Now it seemed that not only was my eyesight worse than crappy but I didn’t have any blood left to speak of either.  I’m usually so generous with the stuff and start gushing forth at the first sight of a needle.  The little vials are usually full within 2 nanoseconds and it can be a bit of a struggle to turn the tap off, so to speak.  Not this time, though.  My body had decided not to cooperate and had seemingly gone into a dried-up shut-down.  Finally, after much persuasion and waiting, a tiny red drop sputtered into the vial, followed some time later by another.  After a respectable amount of time, there was perhaps almost a centimeter in the bottom of the tube.  She removed the vial and replaced it with another and we waited an interminably long time for another centimeter to collect before whipping the tourniquet off and the needle out again.  Believe me, I surprised myself by the speed with which I was up and out of that chair and into the doctor’s office.

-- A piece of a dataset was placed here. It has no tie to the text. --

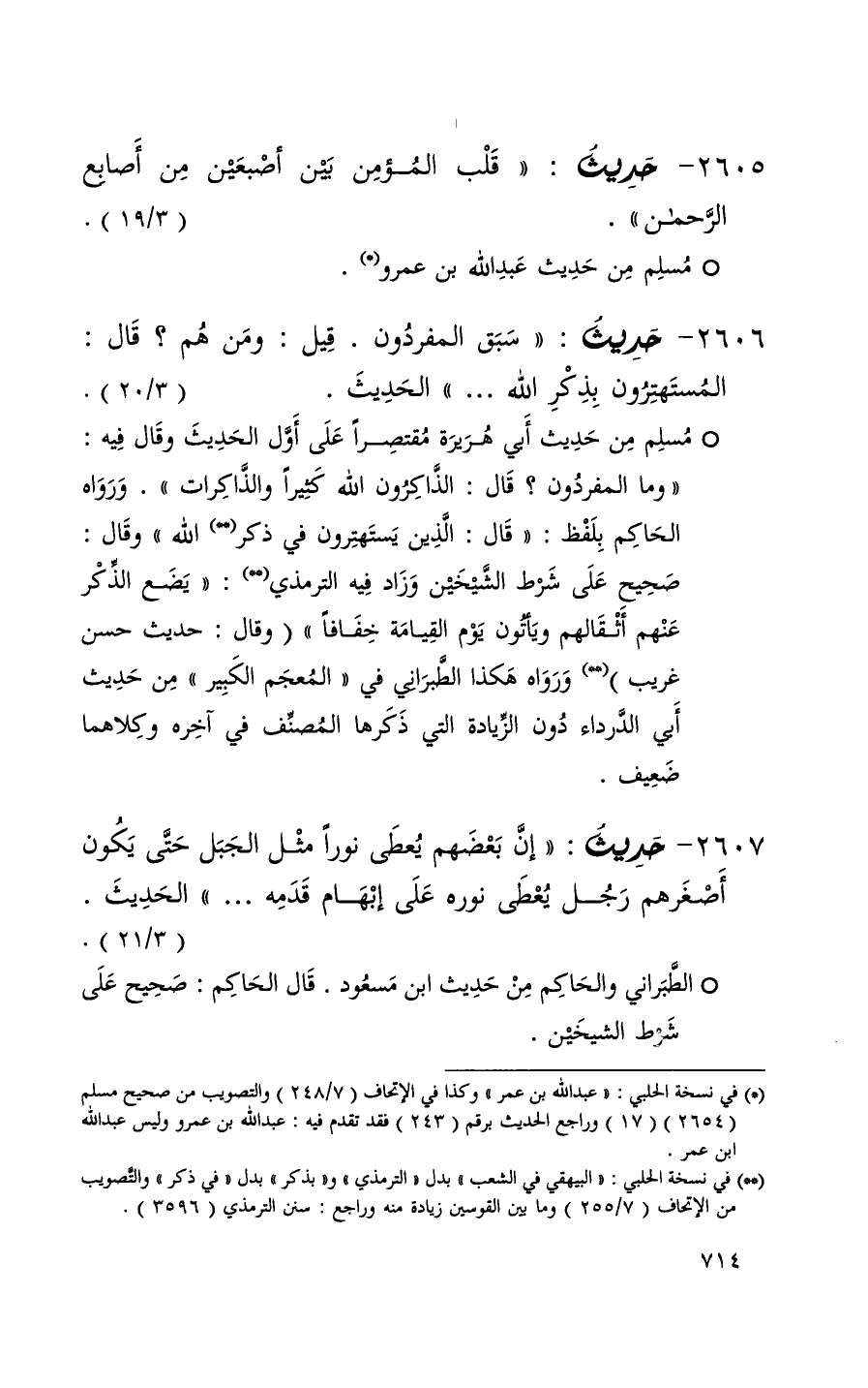 2606 حديث ( سبق المفردون قيل ومن هم قال المستهترون بذكر الله . . . ) الحديث ( 3 / 20 ) + مسلم من حديث أبي هريرة مقتصراً على أول الحديث وقال فيه ( وما المفردون قال الذاكرون الله كثيراً والذاكرات ) ورواه الحاكم بلفظ ( قال الذين يستهترون في ذكر الله ) وقال صحيح على شرط الشيخين وزاد فيه الترمذي ( يضع الذكر عنهم أثقالاً ويأتون يوم القيامة خفافاً ) وقال حديث حسن غريب ورواه هكذا الطبراني في المعجم الكبير من حديث أبي الدرداء دون الزيادة التي ذكرها المصنف في آخره وكلاهما ضعيف +

Yet I fared no better with the Doctor.  She told me the results of my eye test (fail), the blood pressure (pass with flying colours) and the cardiogram (very good.)  She then asked me to take my top off again in order to listen to my heart and lungs.  After I disrobed, she closed the curtains (what is it with these people?) and then started cackling noisily behind my back at the sight of my unconventional residual tan lines where she could still see the exact outline of the string of my bikini top and the bow it had been tied into…

I ask you, how much humiliation can two medical clowns dish out to one person in a half hour period?  Once the whole mortifying episode was over, I slunk back to my desk and wondered whether, unbeknownst to me I had just taken part in Candid Camera.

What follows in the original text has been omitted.